Hence, a larger width-block minimizes the overhead of implementing the new mechanisms but implies that more bits will be wasted in each operation, limiting the resulting energy savings. The analysis of Figure 6.6 indicates that an 8-bit width-block seems to be a good compromise for the considered processor architecture (i.e. ARM NEON). In fact, an 8-bit block not only allows for significant energy savings, but also corresponds to the smallest element size already supported in this vector extension, which simplifies adding hardware support for the proposed mechanisms (as explained in Subsection 4.1.3).

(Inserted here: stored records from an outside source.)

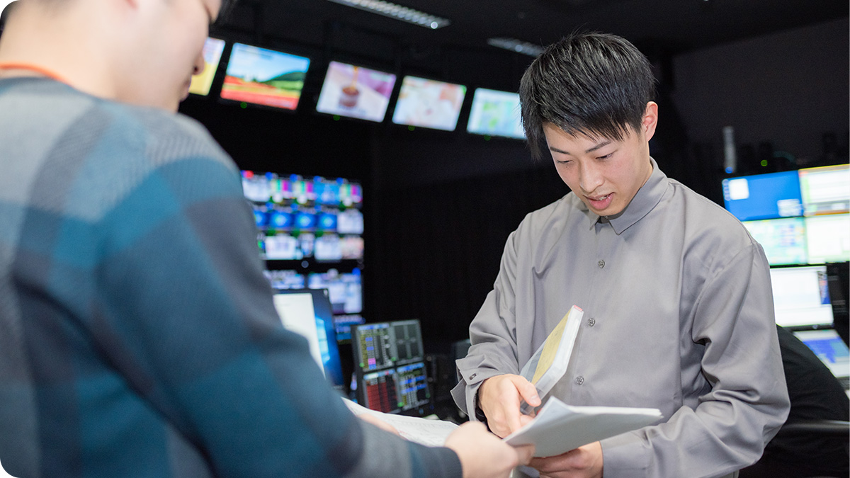 技術局放送実施部の放送進行担当として仕事をしています。フォーマットや放送要領という番組の骨組みとなるものの作成や、最終的に放送するOAデータの作成、番組回線の管理や、日々の運用のチェックなどを行っています。入社するまではこんな仕事があるとは知らなかったのですが、番組に関するとても重要な、放送事故にも直結する仕事なので、かなり緊張感を持って仕事をしています。
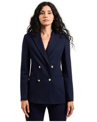 GAUDI Witte Linnen Blazer Met Shawl Kraag in het blauw voor dames
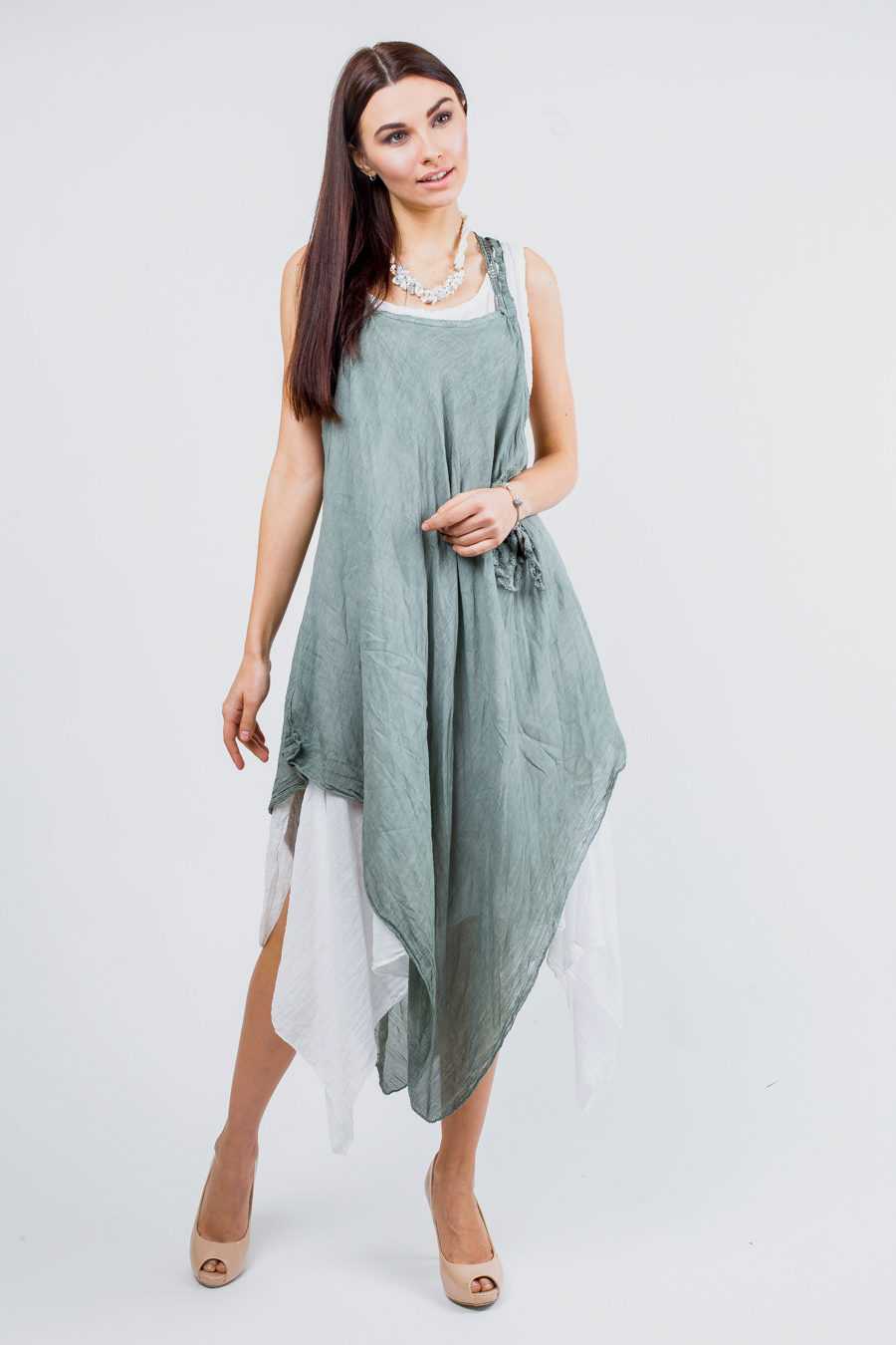 Традиционно, платье изготавливают из легкого, струящегося материала, например шелка или шифона. Но летом 2021 года, модные дизайнеры, рекомендуют носить женщинам такой фасон платья именно из льна!
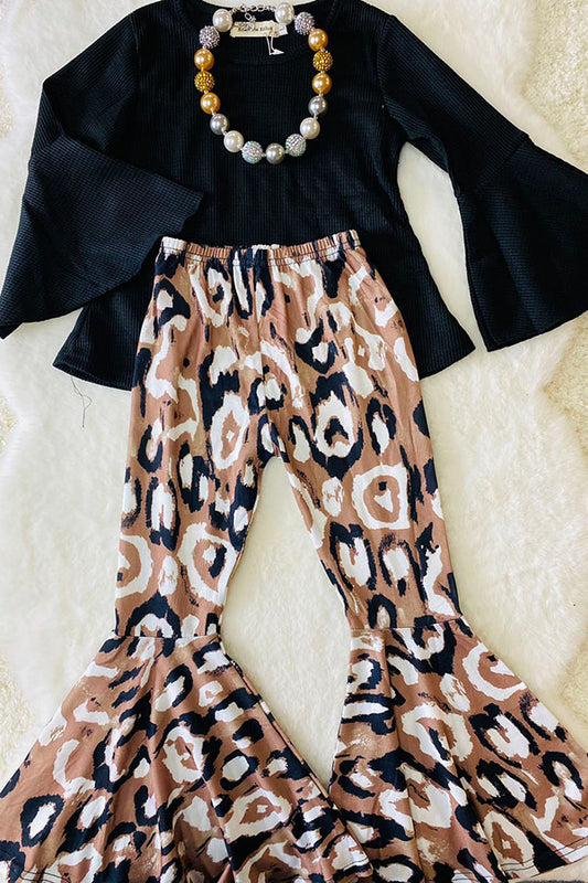 XCH0024-10H Black knit ruffle long sleeve top bell bottom pant girls outfit sets
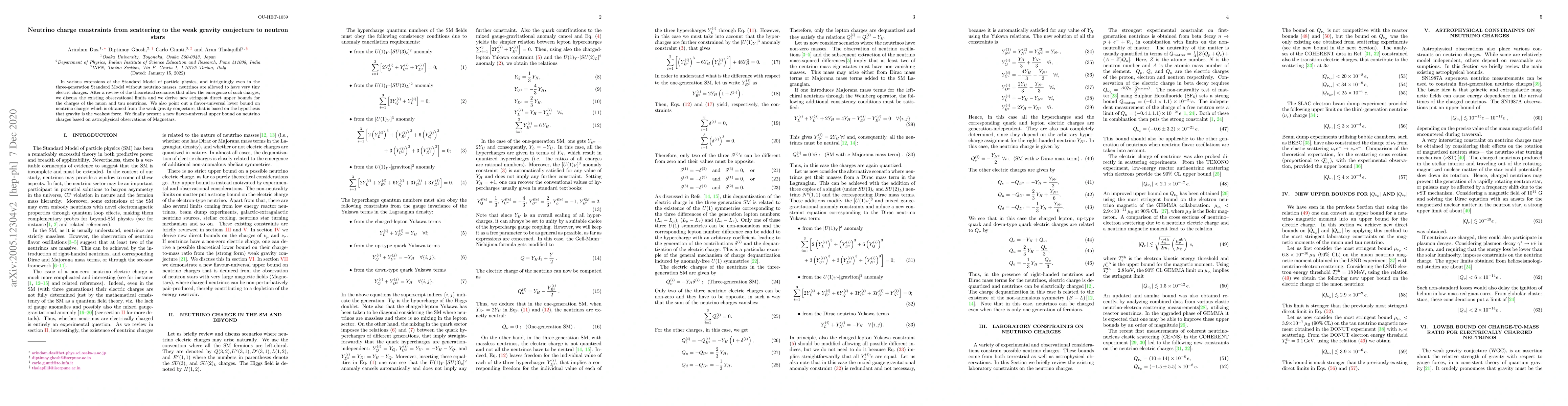 This paper reviews theoretical models allowing neutrinos to possess tiny electric charges and derives new stringent upper bounds for muon and tau neutrino charges from observational limits. It also establishes a flavor-universal lower bound from the weak gravity conjecture and a new universal upper bound based on Magnetar observations.
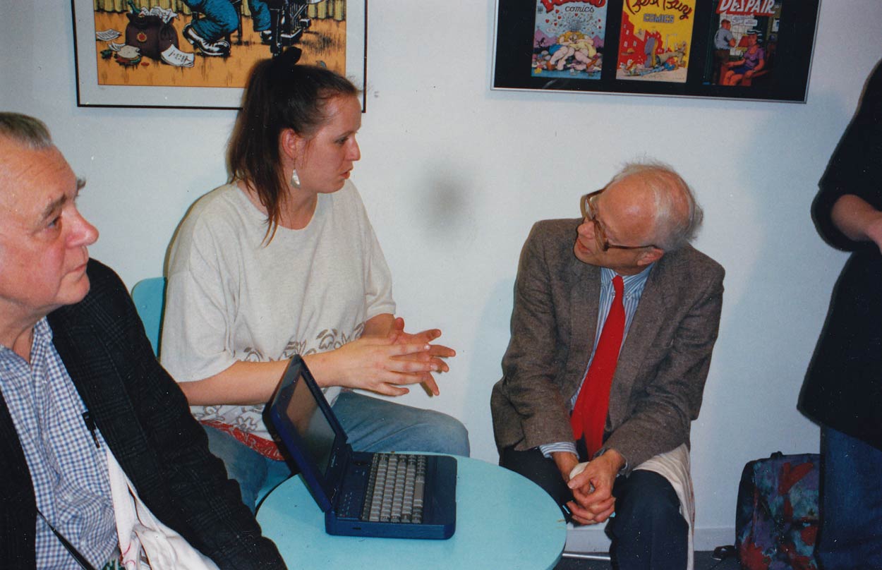 xxLINK's Wendy G.A. van Dijk toont onze gloednieuwe website aan Stripschap-oprichter P. Hans Frankfurther tijdens de Crumb expo (november 1994).
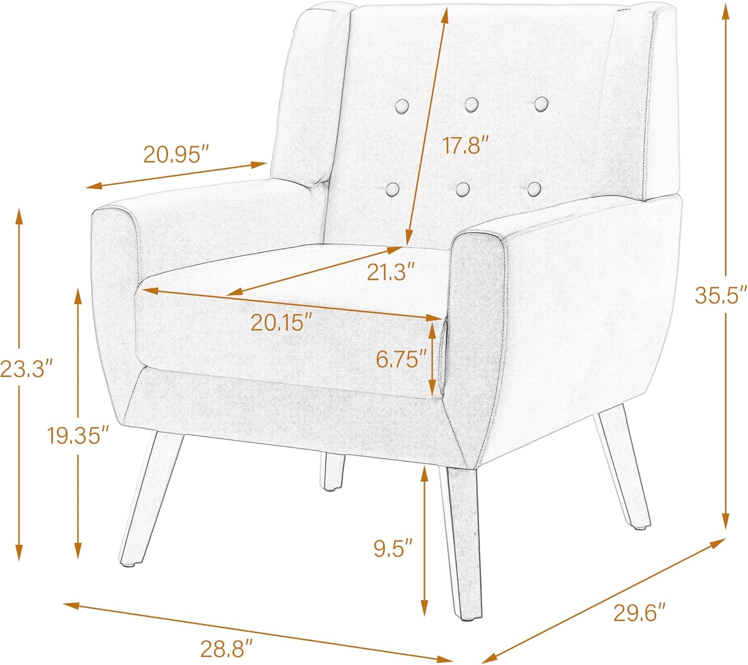 - Ergonomic & Comfortable Sofa Seating - The dimensions of this arm chair: 29.5 D *29 W* 35.5 H inches. The angle of the back, the position of the arms, and the width are designed according to the curve of the back of the human body, which is ergonomically designed to provide you with maximum comfort. Wide back and seat, which made of highly elastic sponges and springs, allowing you to rest and read throughout the day without discomfort
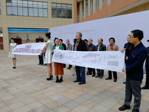 校友代表饶国安代表77、78级毕业生讲话,并将九江旧城改造壁画设计作品《浔城记忆》和《庾亮传奇》的创作设计图赠与母校。
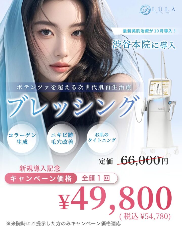 JR・京王井の頭線「渋谷駅」直結のルラ美容クリニックでは、ブレッシングの新規導入キャンペーンを実施しており、全顔1回54,780円(税込)とお得に受けられる点が魅力です。
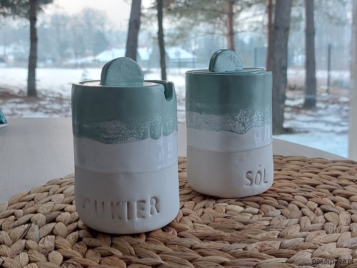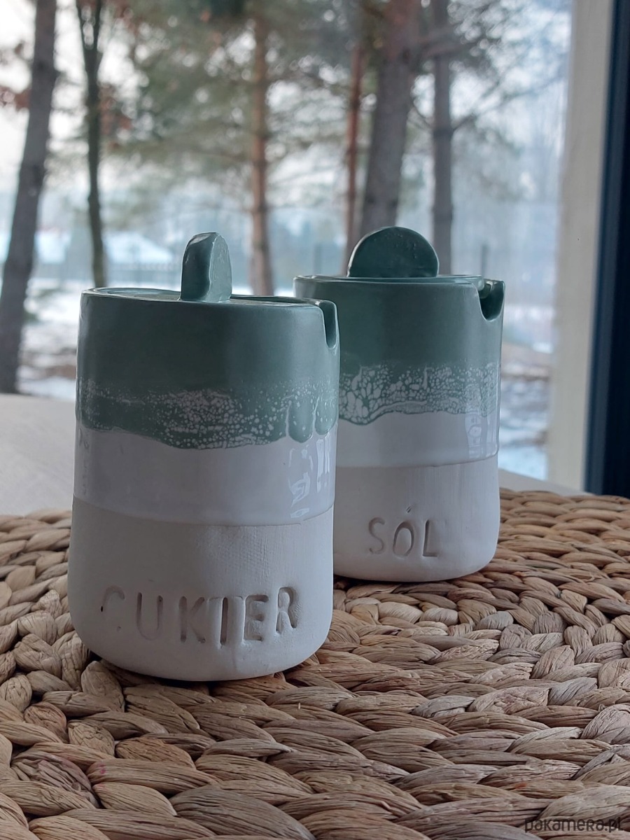 Ceramiczne ręcznie robione pojemniki na sól i cukier handmade

Figure 6.6: Comparison of energy savings (broken down into dynamic and leakage) and execution times with different width-block sizes, for the HP-Fusing-3FU configuration.

# 6.3 Summary

This chapter presented a comprehensive evaluation of the proposed mechanisms and architecture and showed that very relevant (dynamic and leakage) energy savings in the SIMD execution unit can be obtained while having a reduced or even negligible overhead. This increase in power efficiency is attained without significantly compromising the performance, or even with considerable speed-ups, for very computation-intensive kernels. After performing a design space exploration, by considering a prototype based on the Cortex-A76 microarchitecture, it was concluded that an 8-bit width-block seems to be the compromise for this parameter in this processor.

# 7

# **Conclusions and Future Work**

#### Contents

| 7.1 | Conclusions | • | <br>• • | • | • • | • | • | • | • | • | • | • | • | • | • | • | • | • | • | • | • | • | • | • • | • | • | • | • | • • | • | • | • | • | • | • | • | • • | • • | 7 | 6 |  |
|-----|-------------|---|---------|---|-----|---|---|---|---|---|---|---|---|---|---|---|---|---|---|---|---|---|---|-----|---|---|---|---|-----|---|---|---|---|---|---|---|-----|-----|---|---|--|
| 7.2 | Future Work |   | <br>    |   |     | - |   | • | • | • | • | • | • | • |   |   | • |   | • | • | • | • | - |     | • |   |   | • | • • |   |   |   |   |   | • | • |     |     | 7 | 7 |  |

# 7.1 Conclusions

This thesis explored a previously ignored but highly relevant opportunity to exploit narrow-width vector computations, in the context of the increasingly predominant Single Instruction Multiple Data (SIMD) extensions in General Purpose Processors (GPPs). Several kernels and applications were profiled to support this claim, observing that although a wide data type is often assigned at compile-time for vector elements (e.g. 64 or 32-bit modes), for a large portion of vector operations, the actual values fit in a much narrower width (e.g. 16 or 8-bit). The performed preliminary evaluation showed that, on average, 56.4% of the total vector width is wasted in vector computations, when summing the unused portion of all vector elements, in the profiled benchmarks.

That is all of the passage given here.